In all seriousness, though, I do wonder what kind of processing power you would need in a handheld device to be able to do that. Could we realistically achieve it within 15-20 years? It's certainly one of those "gimmicks" with extreme potential.

That little tangent about realism aside, the engine itself does look quite remarkable in how smooth it is able to run. I wonder hwo well it handles occlusion, changes in lighting and the other benchmarks for computer vision, as it was not demonstrated at all in the video. In fact, the presenter quite handily avoided putting his hand between the camera and the soda can.

Other than that, I can't say much without trying the thing, but I do not own an iOS device and don't plan to in the near future. If someone decides to try out the framework, I'd be glad to read a more detailed analysis of it.

2 comments

Fully detecting a scene's lighting is a complex problem. This paper from last year was quite interesting: "Rendering Synthetic Objects into Legacy Photographs" - http://kevinkarsch.com/publications/sa11.html

This combined with existing techniques of constructing 3D geometry out of videos could work really well if say you wish to construct a game level out of a real scene.

Raytracing complex scenes on a hand-held device at interactive frame rates is still quite a bit off. But techniques where a lot of the calculations can be done offline are possible to use today (radiosity, etc).

we can have a whole new level of realism.

What would you be able to do that you can't do now?

As Geee stated, it's about imitating the lighting of the scene. There's all sorts of subtle and not-so-subtle effects that come as a result of light bouncing around.

While it may be obvious when a virtual object is missing a shadow (as in the demonstration video), even implementing that would not be enough to fool the human brain completely, though it isn't always obvious what the problem is, only a subconscious nagging.

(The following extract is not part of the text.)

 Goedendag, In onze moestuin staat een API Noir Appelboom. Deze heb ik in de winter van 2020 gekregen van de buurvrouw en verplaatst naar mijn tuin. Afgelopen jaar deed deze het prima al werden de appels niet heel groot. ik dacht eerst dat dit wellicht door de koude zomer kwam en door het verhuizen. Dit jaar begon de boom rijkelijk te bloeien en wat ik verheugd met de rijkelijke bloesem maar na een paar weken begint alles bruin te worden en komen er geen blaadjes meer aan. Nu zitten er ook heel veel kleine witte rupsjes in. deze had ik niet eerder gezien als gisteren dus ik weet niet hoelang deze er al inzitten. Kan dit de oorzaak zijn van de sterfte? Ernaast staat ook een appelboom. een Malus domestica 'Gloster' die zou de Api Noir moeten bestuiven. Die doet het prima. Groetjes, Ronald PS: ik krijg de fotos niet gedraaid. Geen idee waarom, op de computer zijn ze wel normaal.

If you're interested in what precisely the effects that the real world has and augmented reality generally doesn't have - i'd say the biggest ones are shadows (including soft shadows [0]), depth of field [1], ambient occlusion [2], and indirect lighting.

You don't necessarily have to write a full-blown raytracer with global illuminasion, casting billions of rays to get a passable result. All of the above mentioned things can more or less be approximated in some way, and most modern game engines do so (I don't know of any phone games that do, mind, as the calculations are still non-trivial, but I do remember an interesting tech demo from Nvidia).

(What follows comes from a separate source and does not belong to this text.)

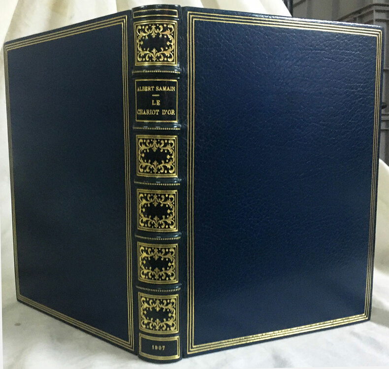 P. Ferroud 1907.In-4° plein maroquin bleu, dos à nerfs richement orné de motifs floraux et filets dorés, plat encadrés d'un triple filet doré, tranches dorées, couverture conservée, étui bordé. Reliure signée CANAPE.

The biggest problem, though, is that we can do these things in a controlled setting, where you know the exact shape, texture and light reflective properties on every object in the scene. As you can imagine, that is not so in the case of augmented reality (as I quipped in my earlier post, you would have to infer surface reflectance from the image in some way). Compared to the problem of global illumination in a virtual scene - well, let's just say it's orders of magnitude harder. I don't recall anyone actually having scanned a scene with a single camera. And that's an AI breakthrough that indeed people would talk about.

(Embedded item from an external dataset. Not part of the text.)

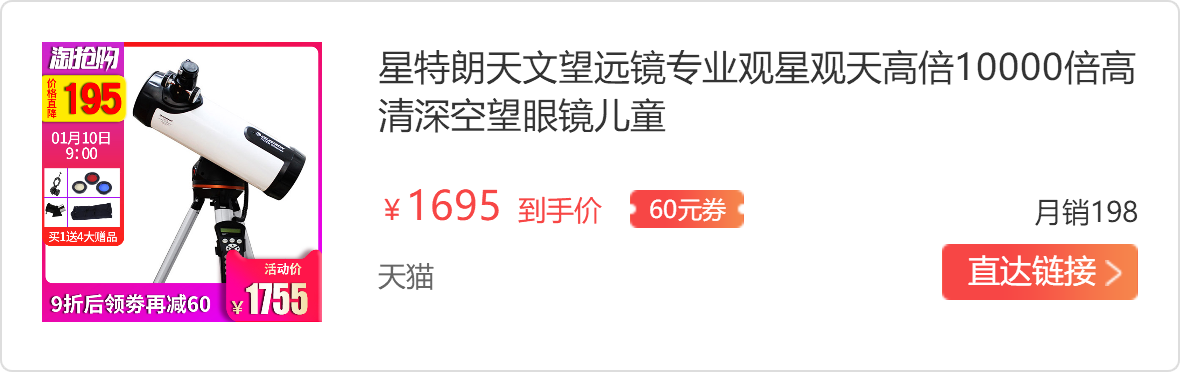 星特朗起源于美国,建立于上世纪50年代,星特朗在各个价位都有非常优秀的产品,百元级的PowerSeeker 50AZ,对新手非常友好,安装不需要任何工具,镜头组件采用全表面镀膜,而且天文地景两用,以300元的价格来说,性价比非常高。到千元级,可以选择DX80EQ,保有量很大,镜片多层镀绿膜,观月的边缘很清晰,色差非常小,全正像天顶镜,天文地景两用,900元以下有交易,不过EQ2赤道仪没有标配电动马达,加配EQ2的电动跟踪马达需要450元,整套下来就在1400元左右了。
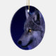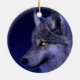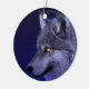 Um ornamento redondo com uma cabeça de lobo azul místico.

[0] : http://en.wikipedia.org/wiki/Soft_shadows [1] : http://en.wikipedia.org/wiki/Depth_of_field [2] : http://en.wikipedia.org/wiki/Ambient_occlusion [*} : Also, google images

You would be able recreate the lighting conditions of the scene. This is the bottleneck of every AR application that aims for realism. Basically, you'll have to recreate every light source, every object, surface and volumetric properties of all objects to render completely realistic 3D objects in the scene.